Bioidentical Thyroid Hormone is another powerful approach in the BHRT lineup, and we posted this to show an example of a need that is not necessarily related to age, and one that is quite specific and yet well-tested.  Many people have benefited from this natural treatment choice.  The biggest challenges are to make sure you get the most accurate diagnosis, and then to make choices about the specific ingredients that will go into your formula (many BHRT practitioners will have their own favorite, but many will offer a variety of choices).  Whether you have newly acquired this diagnosis, or have had it for a while and tried many things, the natural treatment approach may be something you want to try.

Natural products in the BHRT sphere have worked well for many and are made from ingredients you may have actually heard of, and Bioidentical Thyroid Hormone is no exception!

Aug 142014

Do bioidentical hormones cause weight gain?  This is not an east question to answer, given that there is such a variety of natural hormone approaches and conditions for which they treat.  The short answer to the question of “Do bioidentical hormones cause weight gain” is that they usually don’t, and for some people they actually cause weight loss.  But there can be a little variability, and this can get especially complicated if a little weight gain may be a good thing for someone who has lost too much weight due to hormone imbalances or depression.  For example, many males become less active due to a gradual decline in testosterone, and thus when they take bioidentical testosterone they may experience more energy and a higher metabolism, thereby causing them to lose some excess weight.

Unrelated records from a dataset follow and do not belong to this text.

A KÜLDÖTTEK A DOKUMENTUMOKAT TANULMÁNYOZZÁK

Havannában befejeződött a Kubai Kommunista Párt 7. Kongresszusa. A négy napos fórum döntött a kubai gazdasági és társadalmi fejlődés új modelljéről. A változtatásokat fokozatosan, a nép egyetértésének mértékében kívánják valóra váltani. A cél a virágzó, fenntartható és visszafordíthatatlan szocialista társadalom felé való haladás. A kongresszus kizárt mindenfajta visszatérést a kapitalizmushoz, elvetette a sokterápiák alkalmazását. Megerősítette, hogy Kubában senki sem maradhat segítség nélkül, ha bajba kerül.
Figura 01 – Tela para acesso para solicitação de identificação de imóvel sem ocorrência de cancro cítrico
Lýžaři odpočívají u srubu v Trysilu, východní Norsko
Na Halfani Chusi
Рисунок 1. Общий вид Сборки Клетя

We are still left with the question do bioidentical hormones cause weight gain, and even if this is rare, it can happen.  Any time we introduce a change to our system the result can be a change in our appetite or metabolism.  In this case it is possible that a side effect of BHRT is a change in either one that causes weight gain.  But again, as with the example above, it may actually be a positive change that makes you less depressed, less lethargic, and more interested in daily activities that makes you more likely to get out more, go to restaurants with friends,  enjoy your meals, move around so that your body craves calories, etc.  In other words, the real answer to do bioidentical hormones cause weight gain in many cases is that they do because they make changes that make you want to live more fully.

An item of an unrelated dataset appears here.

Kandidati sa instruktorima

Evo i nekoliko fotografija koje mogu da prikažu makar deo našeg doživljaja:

We cannot guarantee that you will lose weight or stay the same if you try BHRT, but we can say that adding pounds is not a common effect and in many cases where it does happen its not because the BHRT does anything problematic, but because the weight gain is positive or the result of other positive changes.  You need to talk to your doctor and BHRT practitioner about this and get a prediction of how bioidentical hormone replacement therapy might affect your weight, but keep in mind that for most people the answer is either “no” or “only for good reasons” to the question do bioidentical hormones cause weight gain?